Está decorrer de 10 a 13 de novembro, em Lisboa, a edição de 2025 da Web Summit, considerada uma das maiores conferências tecnológicas do mundo. O evento volta a reunir milhares de empreendedores, investidores e especialistas, com a Inteligência Artificial a destacar-se como tema central.
Segundo Artur Pereira, country manager da Web Summit para Portugal e Brasil, “a IA é o principal foco deste ano”. O responsável explica que o evento conta com diversos oradores dedicados a explorar as potencialidades e os desafios desta tecnologia, que “terá impacto direto na vida profissional e pessoal das pessoas nos próximos anos”.
Tal como na edição anterior, a organização espera ultrapassar os 70 mil participantes, com cerca de 1.500 start-ups, 900 oradores e dois mil jornalistas. Embora os números se mantenham estáveis, a marca continua a expandir-se globalmente, com eventos no Rio de Janeiro, Doha e Vancouver.

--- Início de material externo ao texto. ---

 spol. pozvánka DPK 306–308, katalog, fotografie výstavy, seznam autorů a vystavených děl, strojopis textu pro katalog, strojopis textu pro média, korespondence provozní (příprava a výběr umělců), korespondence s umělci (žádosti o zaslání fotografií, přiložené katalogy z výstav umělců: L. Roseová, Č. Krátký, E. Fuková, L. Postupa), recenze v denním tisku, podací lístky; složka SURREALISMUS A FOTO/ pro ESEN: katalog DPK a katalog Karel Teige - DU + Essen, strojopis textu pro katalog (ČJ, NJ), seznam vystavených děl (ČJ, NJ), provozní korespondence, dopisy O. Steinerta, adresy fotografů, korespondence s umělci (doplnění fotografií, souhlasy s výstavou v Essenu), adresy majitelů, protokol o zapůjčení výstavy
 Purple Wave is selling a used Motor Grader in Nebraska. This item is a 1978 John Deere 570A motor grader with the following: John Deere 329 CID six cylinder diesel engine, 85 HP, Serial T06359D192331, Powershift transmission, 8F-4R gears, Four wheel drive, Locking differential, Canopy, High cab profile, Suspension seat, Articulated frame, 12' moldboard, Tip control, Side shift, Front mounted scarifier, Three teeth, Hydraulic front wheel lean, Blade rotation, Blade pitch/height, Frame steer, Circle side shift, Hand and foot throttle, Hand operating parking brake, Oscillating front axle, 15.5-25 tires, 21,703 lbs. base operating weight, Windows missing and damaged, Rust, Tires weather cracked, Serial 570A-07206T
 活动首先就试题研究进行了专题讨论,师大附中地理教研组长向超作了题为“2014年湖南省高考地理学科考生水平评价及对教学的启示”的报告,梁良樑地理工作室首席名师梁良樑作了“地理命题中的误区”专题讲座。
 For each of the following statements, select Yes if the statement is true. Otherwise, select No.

No setor aeronáutico, a presença da Joby Aviation na Web Summit 2025 reforçou o peso crescente da aviação avançada no ecossistema tecnológico global. O diretor de produto da empresa, Eric Allison, vai apresentar os progressos da Joby no desenvolvimento de táxis aéreos elétricos, uma aposta que aproxima cada vez mais a mobilidade urbana do futuro. A intervenção destaca o compromisso da empresa em transformar a aviação pessoal num meio sustentável e acessível, apoiado em tecnologia de ponta. A participação da Joby no evento segue-se a marcos regulatórios importantes, como a aprovação da FAA para o seu modelo híbrido, e a demonstrações públicas de desempenho, nomeadamente durante o Grande Prémio dos Estados Unidos em Austin. No conjunto, estas iniciativas sublinham a ambição da Joby em liderar a transição para uma nova era de mobilidade aérea urbana, posicionando a empresa na vanguarda da inovação e da integração entre transporte e sustentabilidade.
Nos dias que antecederam o evento, a Web Summit alertou para a escassez de slots no aeroporto de Lisboa, o que poderia dificultar a chegada de jatos privados. Ainda assim, o responsável desvaloriza o problema: “A maioria dos participantes viaja em voos comerciais, por isso não há motivo de preocupação”.
Questionado sobre informações que apontam para aterragens em Espanha devido à falta de capacidade, Artur Pereira afirma não ter conhecimento desses casos e sublinha que “a sustentabilidade ambiental continua a ser uma prioridade para a Web Summit”.